INPUT MATERIAL:
===
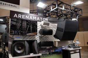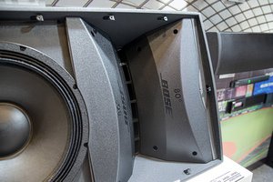 ボーズブースでは競技場やスタジアム、エンターテインメント施設向けのモジュール型スピーカー「ArenaMatch」シリーズが展示された。主な導入先となるスタジアムといった規模の大きい野外施設は音の指向性制御が難しいとされているが、本シリーズでは出音の放射角度(水平・垂直)を着脱可能なウェーブガイドでコントロール可能となっているという。
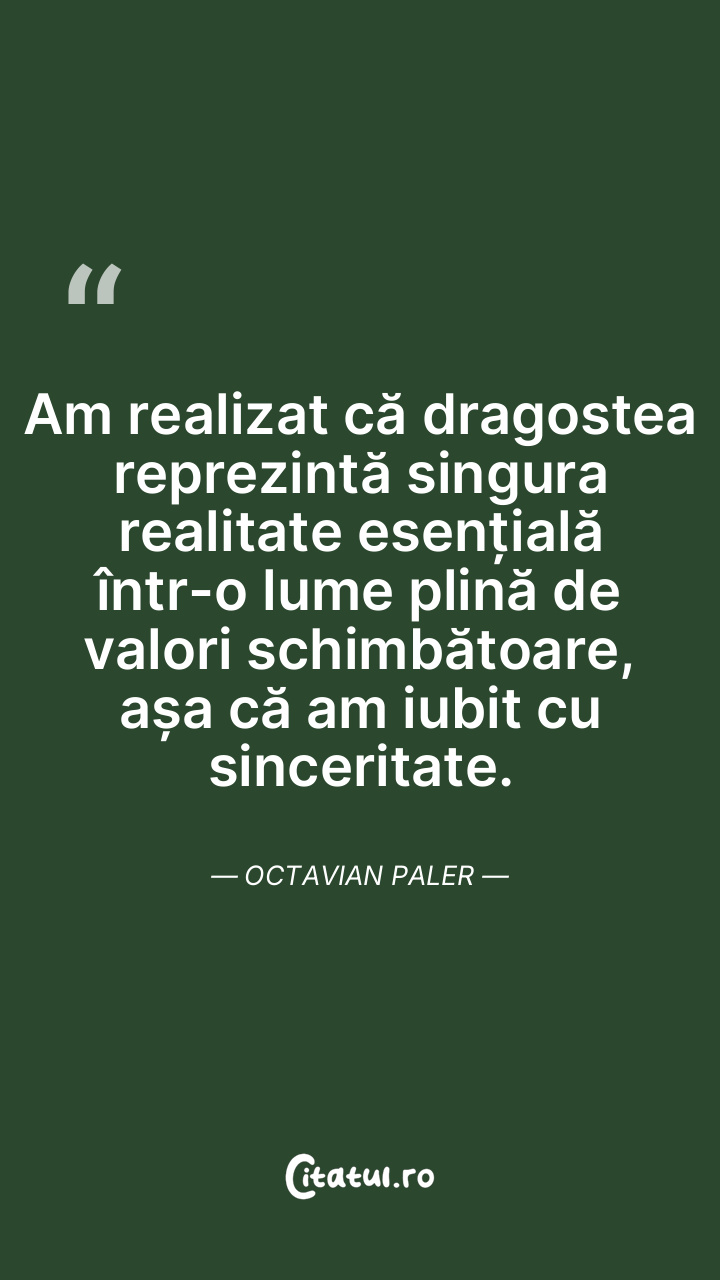 Am realizat că dragostea reprezintă singura r ... Citește tot citatul >
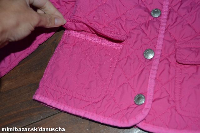 pekná ružová, zapínanie na cvoky, logo na hrudi, jemne zateplená, vpredu vrecká s patkami.
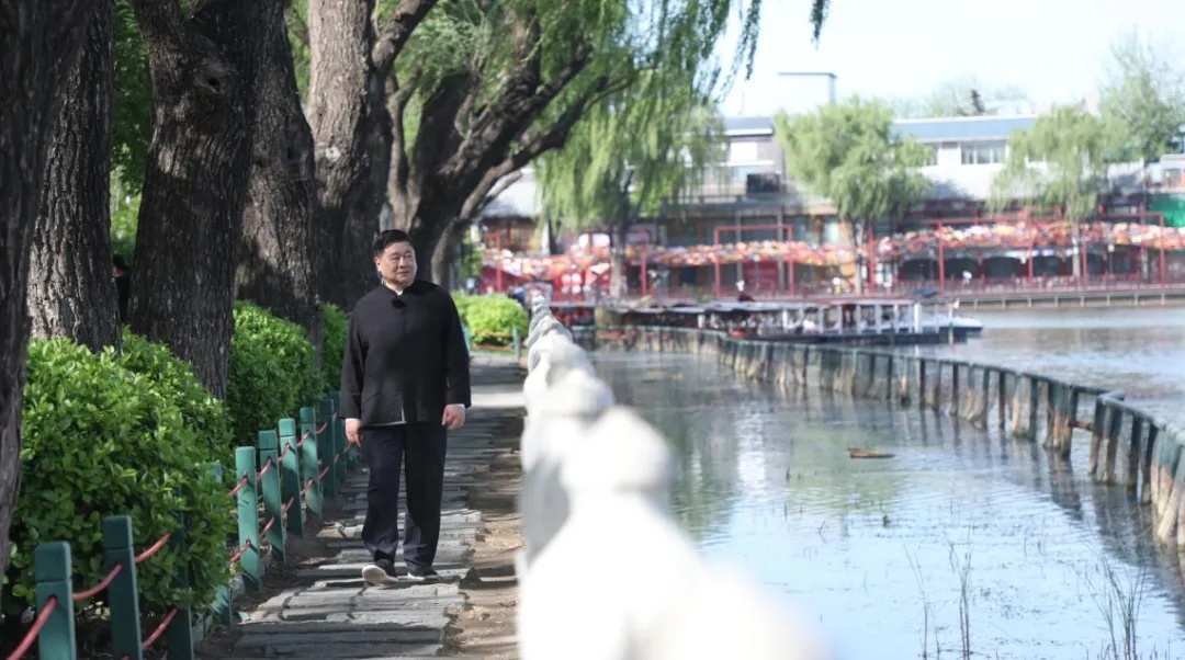 △单霁翔在北京什刹海漫步。(图/高宏远)
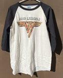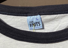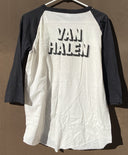 1980 black and white 3/4 sleeve concert t-shirt. The Knit tag states size L, 50/50 cotton/polyester. 19" pit-to-pit, 26" top of collar to hem (at its longest).
===
DESCRIPTION OF THE TASK:
Please print, exactly as given, the lines running from the beginning of the listing through the line containing "Am realizat că", omitting each picture.

RESPONSE:
 ボーズブースでは競技場やスタジアム、エンターテインメント施設向けのモジュール型スピーカー「ArenaMatch」シリーズが展示された。主な導入先となるスタジアムといった規模の大きい野外施設は音の指向性制御が難しいとされているが、本シリーズでは出音の放射角度(水平・垂直)を着脱可能なウェーブガイドでコントロール可能となっているという。
 Am realizat că dragostea reprezintă singura r ... Citește tot citatul >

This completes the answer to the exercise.